3. Eine Schwangerschaft kann grundsätzlich auch kausal für eine infolge eines Abortes eingetretene psychische Erkrankung sein. Für die konkrete Kausalitätsbeurteilung ist auf die Umstände des Einzelfalles abzustellen.
4. § 2b Abs 1 S 2 Nr 3 BEEG n.F. setzt nicht (mehr) voraus, dass die Erkrankung während der Schwangerschaft mit dem Kind eingetreten ist, für das Elterngeld beantragt ist, oder dass die Erkrankung während einer Schwangerschaft eingetreten ist.
Tenor
I. Der Bescheid vom 30.09.2013 in der Gestalt des Widerspruchsbescheides vom 16.12.2013 wird abgeändert. Der Beklagte wird verurteilt, der Klägerin für den 1. bis 12. Lebensmonat ihres Kindes B. höheres Elterngeld unter Berücksichtigung eines Bemessungszeitraums von Juni 2012 bis Juli 2013 und unter Ausklammerung der Kalendermonate November und Dezember 2012 zu gewähren.
II. Der Beklagte trägt die notwendigen außergerichtlichen Kosten der Klägerin.
Tatbestand
Streitig ist zwischen den Beteiligten die Höhe des Elterngeldanspruchs der Klägerin.
Die 1982 geborene Klägerin ist als stellvertretende Restaurantleiterin bei M. in C. tätig. Im Jahr 2012 erlitt sie drei Fehlgeburten, und zwar im Februar, im April und im November.
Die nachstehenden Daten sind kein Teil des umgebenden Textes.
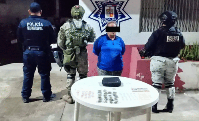 La detenida fue identificada como María del Carmen N, de 45 años de edad y originaria de Frontera. Durante la revisión, las autoridades localizaron diversas bolsitas que contenían sustancias con características similares a estupefacientes, en colores amarillo, rosado y gris, además de dinero en efectivo.
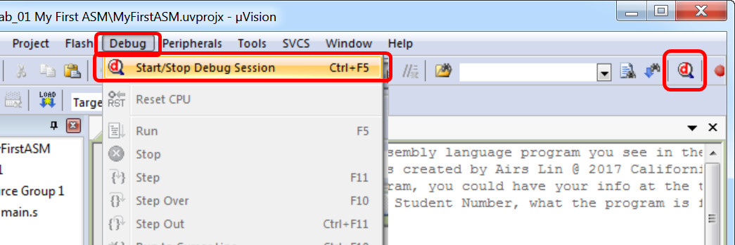 Debug Menu Toolbar Shortcut Description Start/Stop Debug Session
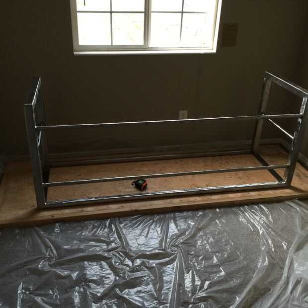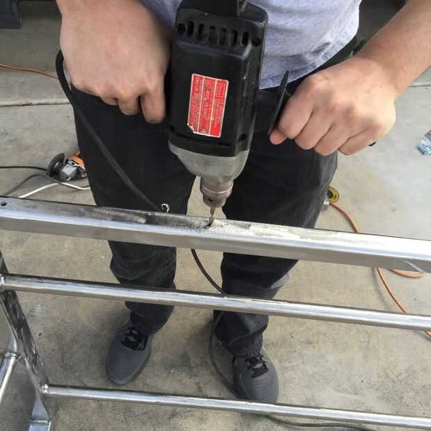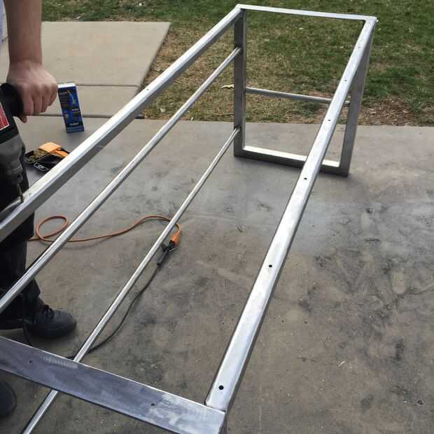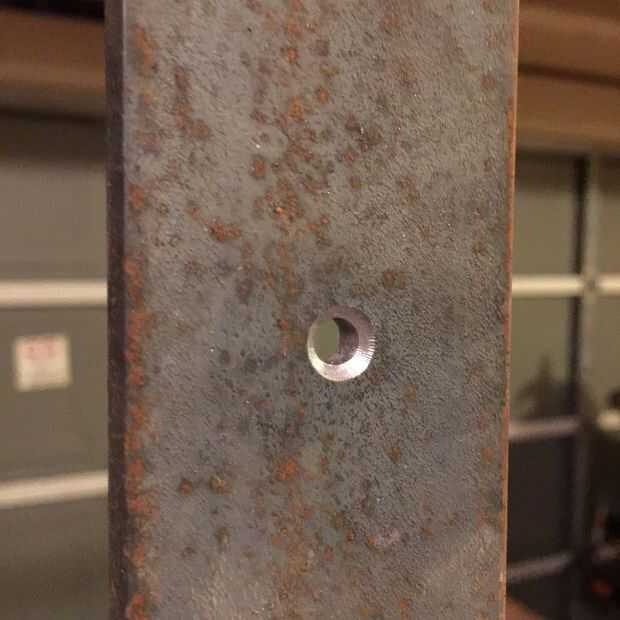 Para fijar la base, primero necesita perforar agujeros para los tornillos. Los orificios perforados las 2 pulgadas cuadrada tubo y barra plana y avellanado el agujero inferior, para que el escritorio puede ser atornillado sobre de debajo y los tornillos se sentará al ras en el metal sin enganche en nada.

In der Zeit vom 08.10.2012 bis 20.10.2012 bzw. vom 15.10. bis 08.11.2012 war sie wegen Schwangerschaftsbeschwerden krankgeschrieben. Am 09.11.2012 erfolgte eine ambulante Gebärmutterausschabung im Klinikum C-Stadt. In der Zeit vom 08.11.2012 bis 18.11.2012 und vom 14.11.2012 bis 01.01.2013 war die Klägerin wegen den Folgen eines verhaltenen Abortes krankgeschrieben. In der Zeit vom 26.11.2012 bis 01.01.2013 bezog sie Entgeltersatzleistungen in der Form von Krankengeld. In den Karteieinträgen des behandelnden Hausarztes sind für 14.11.2012 die Diagnosen "psychischer Ausnahmezustand, reaktive Depression, Unruhezustand" vermerkt, für den 28.11.2012 "Depression, psychische Dekompensation, psychischer Ausnahmezustand, Dyspnoe, Weinkrampf, Insomnie", für den 11.12.2012 "reaktive Depression, psychische Dekompensation" und für den 27.12.2012 wieder "reaktive Depression".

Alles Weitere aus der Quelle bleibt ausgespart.